Le plaisir comme fin de Gargantua
• La « joie », omniprésente, structure mais fait aussi signifier le récit. Dans le chapitre 12 (chevaux factices), la
déambulation des personnages dans les escaliers du château matérialise le cheminement intellectuel du
lecteur dans cet extrait aux allures de fable. L’aspect ludique n’est donc pas un hasard, ni même une diversion;
au contraire, il participe d’une méthode de questionnement, tout le chapitre se donnant des allures de
dialogue platonicien (entre l’enfant et les invités au château). Au chapitre précédent, le rythme de vie « à
savoir à boire, manger, et dormir : à manger, dormir, et boire : à dormir, boire, et manger. », l’accumulation
verbale, dans toutes les combinaisons possibles pour juxtaposer les trois termes ne veut pas signifier la
répétition mais au contraire, par la subtile variation, le plaisir qu’il y a à revenir, sans lassitude, à ces trois
actions primordiales. Le plaisir cadence le récit tout autant qu’il en stimule la mise en œuvre, parfois jusqu’à
la satiété, comme dans les listes, de mots et de calembours, ainsi l’énumération du chapitre 22.
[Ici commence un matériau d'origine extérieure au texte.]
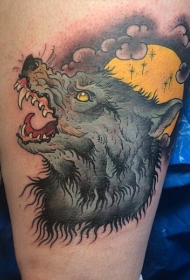 腿部现代的传统月亮狼头纹身图案
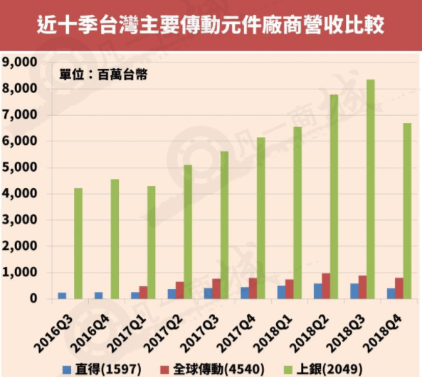 上銀在去年度第三季的營收已經突破 80 億臺幣;而全球傳動是在去年第二季創下接近 10 億營收的新高;最后,直得近兩季的營收大約都接近 6 億元。

• Il est frappant de constater que ce chapitre portant sur les « jeux » du personnage, est précisément le plus
érudit de tout le roman, celui qui propose une suite effrénée de jeux médiévaux et anciens dont la plupart
sont soit des usages régionaux soit relèvent de coutumes déjà révolues à l’époque de Rabelais de sorte qu’on
est dans la pure érudition : « Là jouait, Au flux À la prime À la vole À la pille À la triomphe À la Picardie Au
cent À l'épinay À la malheureuse Au fourbi À passe dix À trente et un. À pair et séquence À trois cents Au
malheureux À la condemnade À la carte virade Au malcontent Au lansquenet Au cocu À qui à si parle À pille,
nade, joque, fore À mariage Au gai À l'opinion À qui fait l'un fait l'autre À la séquence Au luettes Au tarot […] »
Conclusion
• Bilan
Le plaisir dans Gargantua (celui des personnages, celui de l’écriture,
celui de la narration, celui des lecteurs) n’est pas gratuit : il
participe d’une dynamique critique à laquelle le lecteur participe, il
fournit des clefs d’interprétation des épisodes, bref il se révèle
capital dans la logique humaniste d’accès à une pensée
renouvelée et élargie.
• Ouverture
L’humanisme de la Renaissance a souvent tenté l’impossible, c’est-
à-dire l’harmonisation, au sens de réconciliation des contraires.
Chez Rabelais, les jeux et les plaisirs surgissent au même chapitre
que celui où on lit que Gargantua se réveille « à cinq heures »
chaque matin (chap. 23) et on voit que la maxime des Thélémites
qui enjoint au bonheur reste une injonction (« fais ce que
voudras », chap. 52).
Chez MONTAIGNE, qui doit beaucoup au stoïcisme, le plaisir est
tout autant maintenu comme l’autre composante d’un bonheur
pour le moins hybride (dans la modération mais aussi dans la
jouissance) . Ainsi à la toute fin des Essais, dans De l’expérience (III,
13), MONTAIGNE se souhaite certes une vie « sans extravagance »,
mais aussi de la sagesse… « gaie et sociable».